# Importing the libraries

In [5]:
pip install torch transformers spacy

Note: you may need to restart the kernel to use updated packages.


In [6]:
pip install nltk

Note: you may need to restart the kernel to use updated packages.


In [7]:
import nltk
nltk.download('punkt')

[nltk_data] Downloading package punkt to
[nltk_data]     C:\Users\adity\AppData\Roaming\nltk_data...
[nltk_data]   Package punkt is already up-to-date!


True

# Pre-processing step using Tokenizer

In [8]:
from nltk.tokenize import sent_tokenize
from nltk.tokenize import word_tokenize

text = "This is a sample text.

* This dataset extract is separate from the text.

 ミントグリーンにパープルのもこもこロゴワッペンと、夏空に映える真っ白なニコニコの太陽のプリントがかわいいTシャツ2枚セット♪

It contains multiple sentences. We want to tokenize it."

# Tokenize into sentences
sentences = sent_tokenize(text)

# Tokenize each sentence into words
tokenized_sentences = [word_tokenize(sentence) for sentence in sentences]

print(sentences)
print(tokenized_sentences)

['This is a sample text.', 'It contains multiple sentences.', 'We want to tokenize it.']
[['This', 'is', 'a', 'sample', 'text', '.'], ['It', 'contains', 'multiple', 'sentences', '.'], ['We', 'want', 'to', 'tokenize', 'it', '.']]

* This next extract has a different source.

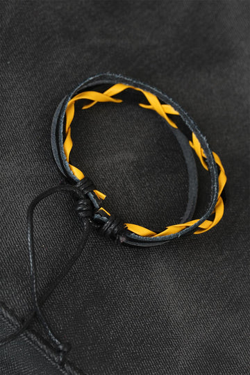 You will stand out with your stylish look with the Yellow Leather Black Color Knitted Leather Men's Bracelet.
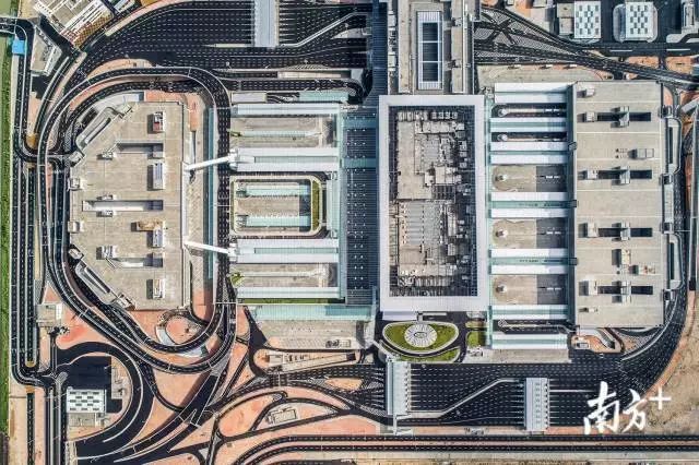 △港珠澳大桥珠海公路口岸占地面积约70.33万平方米,从空中俯瞰,整个口岸外形按照“如意”造型设计,寓意“一地三通,如意牵手”。

# Pre-processing step using *Stemming*

In [9]:
from nltk.stem import PorterStemmer
from nltk.tokenize import word_tokenize

# Sample text
text = "This is a sample text. It contains multiple sentences. We want to tokenize it."

# Tokenize the text into words
words = word_tokenize(text)

# Initialize the Porter Stemmer
porter_stemmer = PorterStemmer()

# Apply stemming to each word
stemmed_words = [porter_stemmer.stem(word) for word in words]

print(stemmed_words)


['thi', 'is', 'a', 'sampl', 'text', '.', 'it', 'contain', 'multipl', 'sentenc', '.', 'we', 'want', 'to', 'token', 'it', '.']

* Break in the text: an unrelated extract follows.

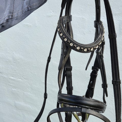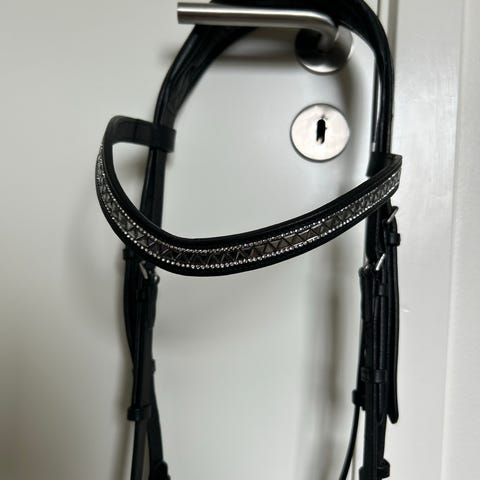 Shetlænder Trense i sort læder med næsebånd og pandebånd. Pandebåndet er udsmykket med flere rækker små flerfarvede sten.

# pre processing step convert it to Token Id

In [10]:
from transformers import AutoTokenizer

# Initialize the tokenizer with the model you are using

tokenizer = AutoTokenizer.from_pretrained("humarin/chatgpt_paraphraser_on_T5_base")

def preprocess_input(text, max_length=128):

    # Add the "paraphrase: " prefix to the input text

    formatted_text = f'paraphrase: {text}'

    # Tokenize the input text

    input_ids = tokenizer(formatted_text, return_tensors="pt", padding="longest",
                          max_length=max_length, truncation=True).input_ids

    return input_ids

# Example input text

input_text = "Please paraphrase this sentence."

# Preprocess the input text

input_ids = preprocess_input(input_text)

# Print the pre-processed input IDs

print(input_ids)

tensor([[ 3856, 27111,    10,   863,  3856, 27111,    48,  7142,     5,     1]])


In [11]:
# Example input text
input_text = "Generating text is the task of producing new text. These models can, for example, fill in incomplete text or paraphrase."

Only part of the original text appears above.